[Start of section]

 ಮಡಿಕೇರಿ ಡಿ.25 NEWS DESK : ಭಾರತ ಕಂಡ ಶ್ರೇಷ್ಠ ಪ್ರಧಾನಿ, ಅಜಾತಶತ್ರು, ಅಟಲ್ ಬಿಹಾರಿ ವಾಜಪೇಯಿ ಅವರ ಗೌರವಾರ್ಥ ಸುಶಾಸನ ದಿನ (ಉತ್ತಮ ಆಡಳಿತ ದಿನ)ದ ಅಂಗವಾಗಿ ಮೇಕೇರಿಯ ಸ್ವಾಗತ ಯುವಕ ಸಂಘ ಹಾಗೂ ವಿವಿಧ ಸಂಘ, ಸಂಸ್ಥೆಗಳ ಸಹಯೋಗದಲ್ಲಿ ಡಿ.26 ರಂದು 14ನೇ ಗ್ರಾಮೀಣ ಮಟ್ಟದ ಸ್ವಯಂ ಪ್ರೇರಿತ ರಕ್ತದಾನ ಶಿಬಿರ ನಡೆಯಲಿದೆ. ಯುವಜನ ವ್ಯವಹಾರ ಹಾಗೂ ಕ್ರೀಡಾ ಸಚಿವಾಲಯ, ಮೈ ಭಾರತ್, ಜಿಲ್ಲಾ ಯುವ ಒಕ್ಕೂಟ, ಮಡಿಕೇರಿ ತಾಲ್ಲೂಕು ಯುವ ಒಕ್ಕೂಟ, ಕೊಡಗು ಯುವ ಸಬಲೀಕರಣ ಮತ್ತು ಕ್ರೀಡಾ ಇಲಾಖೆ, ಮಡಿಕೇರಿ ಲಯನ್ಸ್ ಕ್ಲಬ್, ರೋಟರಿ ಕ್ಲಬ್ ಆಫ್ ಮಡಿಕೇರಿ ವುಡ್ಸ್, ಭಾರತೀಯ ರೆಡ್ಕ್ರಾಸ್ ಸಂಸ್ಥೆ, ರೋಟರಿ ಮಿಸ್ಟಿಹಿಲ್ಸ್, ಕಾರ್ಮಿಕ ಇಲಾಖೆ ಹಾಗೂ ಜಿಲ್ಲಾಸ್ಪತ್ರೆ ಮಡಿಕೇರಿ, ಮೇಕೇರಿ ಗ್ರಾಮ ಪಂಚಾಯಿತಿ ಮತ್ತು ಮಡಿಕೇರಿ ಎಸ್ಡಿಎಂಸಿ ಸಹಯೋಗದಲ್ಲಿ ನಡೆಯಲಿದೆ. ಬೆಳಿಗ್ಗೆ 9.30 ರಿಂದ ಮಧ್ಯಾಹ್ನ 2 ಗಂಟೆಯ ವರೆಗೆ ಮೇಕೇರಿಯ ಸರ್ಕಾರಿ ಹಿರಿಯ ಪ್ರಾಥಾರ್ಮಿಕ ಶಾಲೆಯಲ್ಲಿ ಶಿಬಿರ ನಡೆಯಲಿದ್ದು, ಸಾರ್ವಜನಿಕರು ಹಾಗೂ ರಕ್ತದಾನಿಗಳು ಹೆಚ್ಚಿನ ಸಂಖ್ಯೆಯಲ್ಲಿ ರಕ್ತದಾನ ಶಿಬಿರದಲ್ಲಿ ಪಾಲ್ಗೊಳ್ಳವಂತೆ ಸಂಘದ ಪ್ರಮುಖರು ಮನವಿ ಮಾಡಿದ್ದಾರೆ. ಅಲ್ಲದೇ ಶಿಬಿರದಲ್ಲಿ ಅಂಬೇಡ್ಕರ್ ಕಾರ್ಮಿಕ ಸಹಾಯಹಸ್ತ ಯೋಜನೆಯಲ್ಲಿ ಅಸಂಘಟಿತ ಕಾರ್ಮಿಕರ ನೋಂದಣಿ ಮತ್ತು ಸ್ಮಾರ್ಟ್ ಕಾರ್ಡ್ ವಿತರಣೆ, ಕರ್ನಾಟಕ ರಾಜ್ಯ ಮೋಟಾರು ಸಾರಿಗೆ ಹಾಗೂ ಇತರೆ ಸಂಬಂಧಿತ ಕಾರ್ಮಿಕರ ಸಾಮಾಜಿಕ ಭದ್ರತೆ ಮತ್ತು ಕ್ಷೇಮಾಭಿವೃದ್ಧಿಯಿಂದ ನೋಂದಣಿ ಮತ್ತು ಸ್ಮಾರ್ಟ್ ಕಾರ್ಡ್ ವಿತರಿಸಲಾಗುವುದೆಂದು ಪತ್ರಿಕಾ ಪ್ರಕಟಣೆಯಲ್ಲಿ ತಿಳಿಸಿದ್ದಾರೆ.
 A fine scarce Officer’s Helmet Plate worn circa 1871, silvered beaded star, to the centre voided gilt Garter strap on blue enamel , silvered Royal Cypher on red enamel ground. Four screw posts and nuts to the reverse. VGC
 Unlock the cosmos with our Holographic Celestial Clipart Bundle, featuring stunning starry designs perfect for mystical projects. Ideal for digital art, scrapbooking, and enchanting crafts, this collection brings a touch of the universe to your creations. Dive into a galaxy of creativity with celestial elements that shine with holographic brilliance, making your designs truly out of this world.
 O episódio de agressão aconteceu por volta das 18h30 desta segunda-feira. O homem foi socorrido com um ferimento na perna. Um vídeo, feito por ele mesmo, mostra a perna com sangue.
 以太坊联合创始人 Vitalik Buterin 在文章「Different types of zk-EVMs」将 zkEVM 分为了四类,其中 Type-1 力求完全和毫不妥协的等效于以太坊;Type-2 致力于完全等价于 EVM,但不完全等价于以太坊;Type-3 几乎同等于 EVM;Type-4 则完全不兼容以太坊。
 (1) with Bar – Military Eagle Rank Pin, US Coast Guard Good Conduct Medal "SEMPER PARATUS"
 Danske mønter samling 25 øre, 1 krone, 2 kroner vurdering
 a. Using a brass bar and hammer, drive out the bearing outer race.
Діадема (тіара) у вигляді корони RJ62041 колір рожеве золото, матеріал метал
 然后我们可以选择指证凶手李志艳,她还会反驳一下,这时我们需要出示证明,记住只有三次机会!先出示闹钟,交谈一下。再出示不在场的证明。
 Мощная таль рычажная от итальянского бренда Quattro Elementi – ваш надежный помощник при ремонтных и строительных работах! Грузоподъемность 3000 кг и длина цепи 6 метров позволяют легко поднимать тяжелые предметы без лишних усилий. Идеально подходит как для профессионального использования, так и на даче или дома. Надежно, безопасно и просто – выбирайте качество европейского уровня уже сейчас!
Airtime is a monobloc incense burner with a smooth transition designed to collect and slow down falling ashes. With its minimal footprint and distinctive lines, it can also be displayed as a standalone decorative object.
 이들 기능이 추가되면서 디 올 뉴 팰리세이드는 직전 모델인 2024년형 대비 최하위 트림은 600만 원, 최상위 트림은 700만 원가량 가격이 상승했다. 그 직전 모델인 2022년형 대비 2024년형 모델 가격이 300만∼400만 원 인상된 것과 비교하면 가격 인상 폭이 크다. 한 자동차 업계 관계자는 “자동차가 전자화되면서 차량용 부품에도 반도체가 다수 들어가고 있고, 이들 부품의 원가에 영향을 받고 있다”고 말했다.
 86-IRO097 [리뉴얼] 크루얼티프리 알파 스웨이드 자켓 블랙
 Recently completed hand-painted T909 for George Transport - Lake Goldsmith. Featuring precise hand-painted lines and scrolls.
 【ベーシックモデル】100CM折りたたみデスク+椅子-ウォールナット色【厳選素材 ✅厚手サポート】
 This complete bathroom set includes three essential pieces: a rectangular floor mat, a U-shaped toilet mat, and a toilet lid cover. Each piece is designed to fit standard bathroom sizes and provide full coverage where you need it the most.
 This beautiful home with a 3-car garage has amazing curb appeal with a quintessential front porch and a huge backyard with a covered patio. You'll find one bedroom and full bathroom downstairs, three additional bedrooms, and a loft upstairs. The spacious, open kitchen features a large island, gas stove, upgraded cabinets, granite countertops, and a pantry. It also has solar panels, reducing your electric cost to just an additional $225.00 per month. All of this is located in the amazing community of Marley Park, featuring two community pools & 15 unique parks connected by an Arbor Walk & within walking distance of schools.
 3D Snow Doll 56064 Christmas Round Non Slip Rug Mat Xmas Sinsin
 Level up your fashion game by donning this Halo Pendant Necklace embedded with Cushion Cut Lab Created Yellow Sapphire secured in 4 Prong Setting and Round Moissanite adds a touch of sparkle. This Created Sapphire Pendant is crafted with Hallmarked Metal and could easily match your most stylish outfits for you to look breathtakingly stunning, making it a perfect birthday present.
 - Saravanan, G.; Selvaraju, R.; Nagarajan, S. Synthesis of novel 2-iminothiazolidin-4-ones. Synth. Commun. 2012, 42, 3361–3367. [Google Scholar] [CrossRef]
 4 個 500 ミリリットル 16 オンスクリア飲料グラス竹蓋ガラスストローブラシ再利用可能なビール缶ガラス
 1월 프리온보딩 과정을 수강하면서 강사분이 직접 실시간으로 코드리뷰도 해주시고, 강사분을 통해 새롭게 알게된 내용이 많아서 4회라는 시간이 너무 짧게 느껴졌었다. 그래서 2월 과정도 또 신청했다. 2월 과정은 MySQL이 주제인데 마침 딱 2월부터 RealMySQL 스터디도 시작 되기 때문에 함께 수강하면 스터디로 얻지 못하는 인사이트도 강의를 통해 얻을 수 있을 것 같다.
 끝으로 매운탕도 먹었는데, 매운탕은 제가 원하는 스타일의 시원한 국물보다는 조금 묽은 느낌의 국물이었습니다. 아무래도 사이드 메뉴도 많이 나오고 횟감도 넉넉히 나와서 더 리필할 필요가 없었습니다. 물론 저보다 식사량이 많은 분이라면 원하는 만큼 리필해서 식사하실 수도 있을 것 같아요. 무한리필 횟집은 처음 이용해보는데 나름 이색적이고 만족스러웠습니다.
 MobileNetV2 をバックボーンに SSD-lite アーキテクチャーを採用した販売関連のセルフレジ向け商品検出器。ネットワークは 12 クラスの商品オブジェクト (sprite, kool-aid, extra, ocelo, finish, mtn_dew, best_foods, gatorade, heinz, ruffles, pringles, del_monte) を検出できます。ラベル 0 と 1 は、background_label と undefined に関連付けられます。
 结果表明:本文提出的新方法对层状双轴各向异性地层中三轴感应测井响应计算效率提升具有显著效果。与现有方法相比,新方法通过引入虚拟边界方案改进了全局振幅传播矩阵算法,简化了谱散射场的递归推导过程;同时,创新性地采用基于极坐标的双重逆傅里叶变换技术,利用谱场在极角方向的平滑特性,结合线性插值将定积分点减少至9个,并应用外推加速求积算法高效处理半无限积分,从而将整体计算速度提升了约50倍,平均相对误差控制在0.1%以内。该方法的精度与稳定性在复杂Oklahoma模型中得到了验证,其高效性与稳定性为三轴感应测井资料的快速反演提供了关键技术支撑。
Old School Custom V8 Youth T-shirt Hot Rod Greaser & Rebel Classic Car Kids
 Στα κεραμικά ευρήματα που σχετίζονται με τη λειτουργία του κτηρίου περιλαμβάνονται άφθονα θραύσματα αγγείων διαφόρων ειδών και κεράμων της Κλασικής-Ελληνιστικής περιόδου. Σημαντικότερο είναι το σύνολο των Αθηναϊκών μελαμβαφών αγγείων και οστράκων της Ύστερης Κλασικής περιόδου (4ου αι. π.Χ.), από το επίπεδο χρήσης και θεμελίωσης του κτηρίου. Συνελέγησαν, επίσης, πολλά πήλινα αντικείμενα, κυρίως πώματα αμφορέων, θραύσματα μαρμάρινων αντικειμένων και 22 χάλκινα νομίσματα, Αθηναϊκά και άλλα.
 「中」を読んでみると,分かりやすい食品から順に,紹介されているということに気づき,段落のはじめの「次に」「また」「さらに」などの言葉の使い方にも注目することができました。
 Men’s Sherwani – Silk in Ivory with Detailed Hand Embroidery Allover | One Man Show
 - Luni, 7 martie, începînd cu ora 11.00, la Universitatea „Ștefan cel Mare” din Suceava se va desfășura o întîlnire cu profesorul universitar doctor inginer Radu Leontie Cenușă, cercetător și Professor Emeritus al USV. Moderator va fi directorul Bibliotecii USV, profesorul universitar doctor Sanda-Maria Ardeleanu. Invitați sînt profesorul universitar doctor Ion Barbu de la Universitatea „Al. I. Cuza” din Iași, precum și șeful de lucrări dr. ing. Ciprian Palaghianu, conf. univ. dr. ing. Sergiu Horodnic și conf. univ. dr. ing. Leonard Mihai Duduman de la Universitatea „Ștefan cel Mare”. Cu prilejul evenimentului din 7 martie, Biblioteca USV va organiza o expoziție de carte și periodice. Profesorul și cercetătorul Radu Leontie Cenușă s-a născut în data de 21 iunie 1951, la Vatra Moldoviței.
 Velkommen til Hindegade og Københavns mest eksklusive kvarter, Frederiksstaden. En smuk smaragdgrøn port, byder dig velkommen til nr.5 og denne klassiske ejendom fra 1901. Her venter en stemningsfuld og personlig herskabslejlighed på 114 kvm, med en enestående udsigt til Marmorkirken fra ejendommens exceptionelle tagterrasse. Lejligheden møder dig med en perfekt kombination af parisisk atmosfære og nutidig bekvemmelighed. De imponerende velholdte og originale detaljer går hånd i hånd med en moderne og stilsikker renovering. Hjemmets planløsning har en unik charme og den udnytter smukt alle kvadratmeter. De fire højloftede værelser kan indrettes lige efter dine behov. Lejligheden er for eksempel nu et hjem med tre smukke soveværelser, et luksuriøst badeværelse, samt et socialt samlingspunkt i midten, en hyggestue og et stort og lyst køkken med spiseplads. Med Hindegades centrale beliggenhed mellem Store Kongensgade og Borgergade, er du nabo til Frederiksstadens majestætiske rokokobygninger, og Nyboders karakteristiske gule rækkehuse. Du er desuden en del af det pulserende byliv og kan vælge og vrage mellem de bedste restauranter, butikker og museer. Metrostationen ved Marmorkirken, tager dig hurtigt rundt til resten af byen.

[End of section]

Show the lines in the entries above that include the string "perfect".

 Unlock the cosmos with our Holographic Celestial Clipart Bundle, featuring stunning starry designs perfect for mystical projects. Ideal for digital art, scrapbooking, and enchanting crafts, this collection brings a touch of the universe to your creations. Dive into a galaxy of creativity with celestial elements that shine with holographic brilliance, making your designs truly out of this world.
 Level up your fashion game by donning this Halo Pendant Necklace embedded with Cushion Cut Lab Created Yellow Sapphire secured in 4 Prong Setting and Round Moissanite adds a touch of sparkle. This Created Sapphire Pendant is crafted with Hallmarked Metal and could easily match your most stylish outfits for you to look breathtakingly stunning, making it a perfect birthday present.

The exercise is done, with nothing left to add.